Okay, seems easy enough … Background for the question is the mentioned implementation in linux/CGroupUtils.c
.
Is there any indication of the docker container that is worth to be kept when shortening?
I am sorry, I haven't really understood the question. I don't think the cgroup name can be shortened, since the
/docker/
part gives us the container application's name and the rest gives us the container id.

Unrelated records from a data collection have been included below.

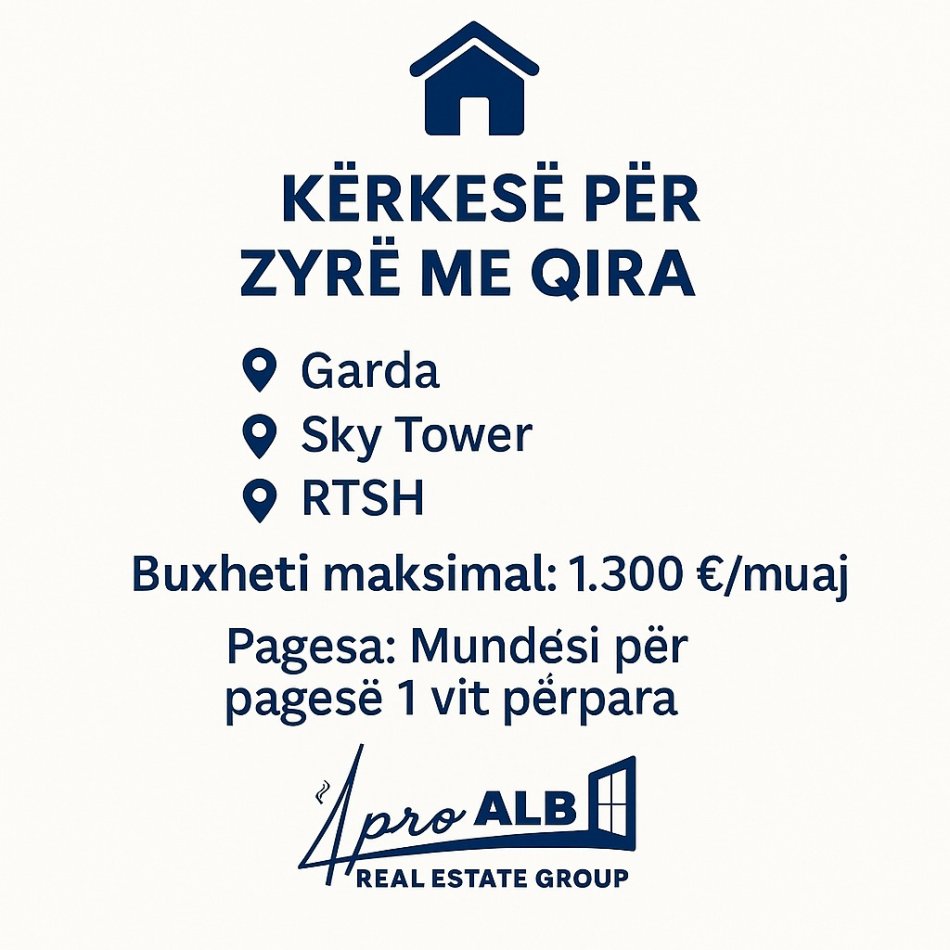 Sipërfaqja: Sipas ofertës – preferohen ambiente të përshtatshme për zyrë Tipi i ambientit: Zyrë biznesi, e gatshme për përdorim. Afati i marrjes: E disponueshme menjëherë ose në një afat të shkurtër.
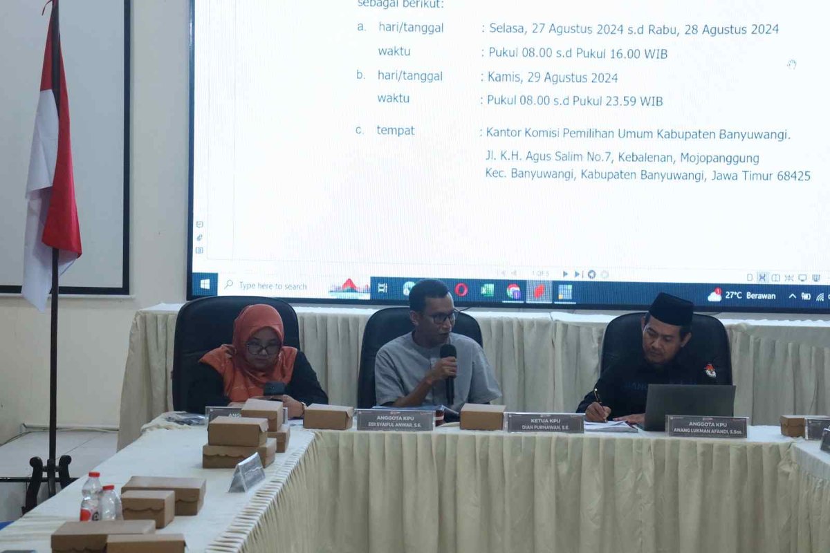 Dalam upaya memastikan proses Pemilihan Kepala Daerah Serentak berjalan lancar, KPU Banyuwangi menggelar Rapat Koordinasi Teknis bersama Forum Komunikasi Pimpinan Daerah (Forkopimda) serta pimpinan partai politik tingkat kabupaten.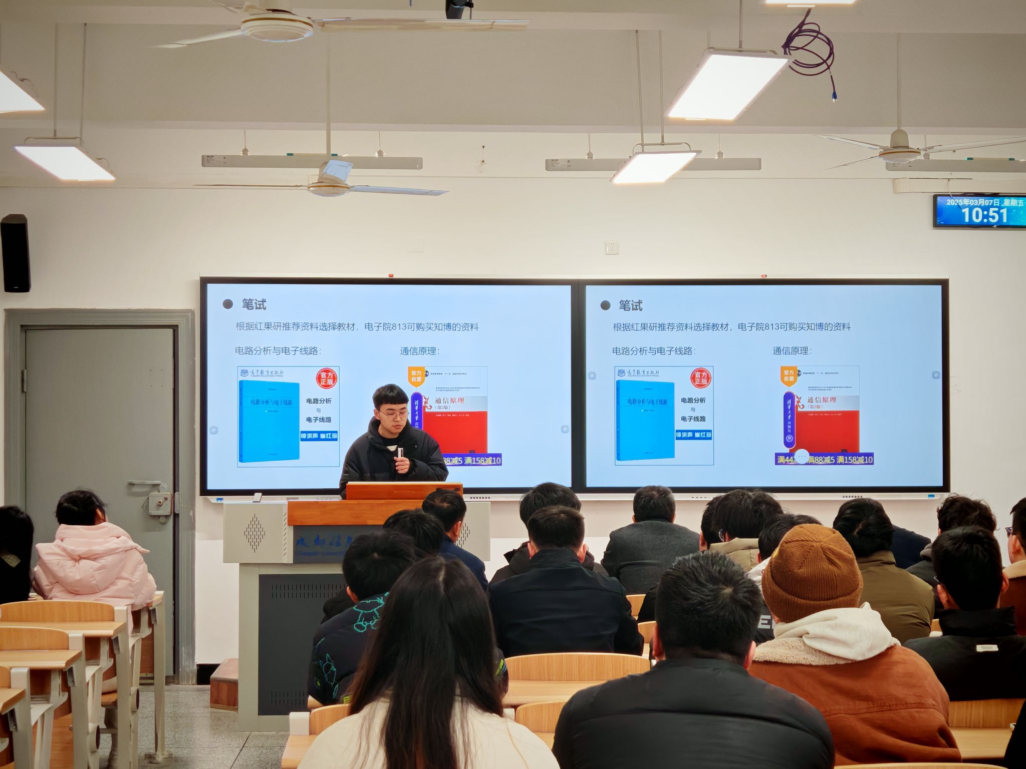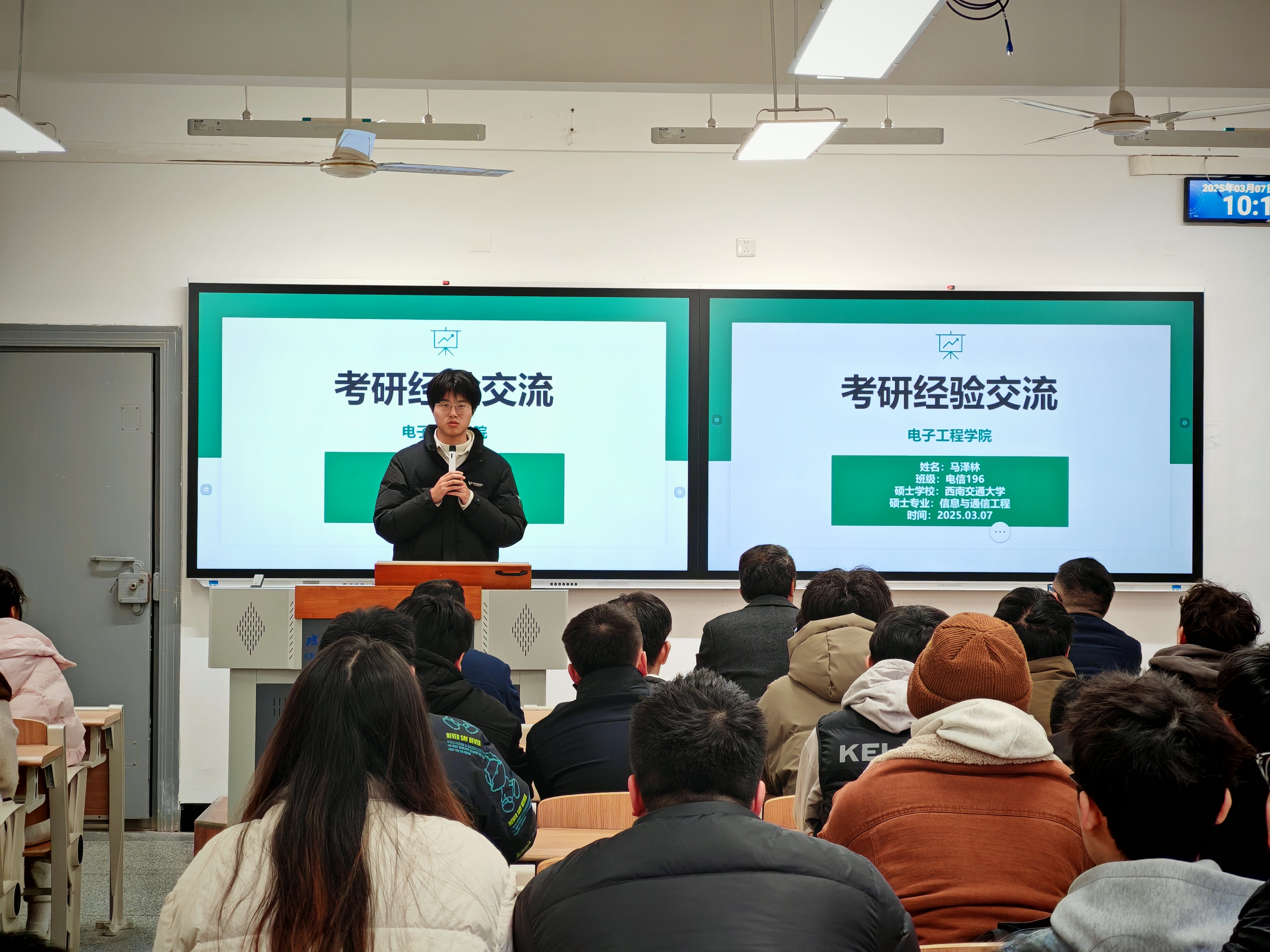 为更好地帮助我院2025届考研同学顺利升学,促进我院考研复试、调剂工作高效完成,电子工程学院导航圆梦职业生涯工作室于3月7日精心组织了一场考研复试、调剂经验交流会。学院党委书记缪燕平,院长张福贵,党委副书记杨勇,副院长王皓,学生科长阮丽娜,研究生科长陈文雯,辅导员曹双平、谢阳,24届考研学生代表马泽林、何文博、张国庆、陈瑞杰、蓝梓豪,及25届考研学生参与本次交流会。

Based on your above answer I deduced, keeping (part of) the container ID (similar to what git does for commit hashes) should be worthwhile.
Thus the CCGROUP
column (shortened version of CGROUP
may read /[D:ff90ed5e]/foo
for this container.
Based on your above answer I deduced, keeping (part of) the container ID (similar to what git does for commit hashes) should be worthwhile.
Oh right, I didn't think of that. Currently, htop doesn't shorten the /docker/
name in CCGROUP
. I think I will submit a PR that does that.
Based on the CCGROUP
filtering (in CGroupUtils.c
) it should be easy to build the Linux version of the CONTAINER
column (just drop every label that's not a container indicator). For all the *BSDs that support jails a first version using J:<jailname>
should suffice.
If you want to take this up, this would be a different PR though.
If you want to take this up, this would be a different PR though.
Yeah, I would like to take this up since this is somewhat related to containers as well.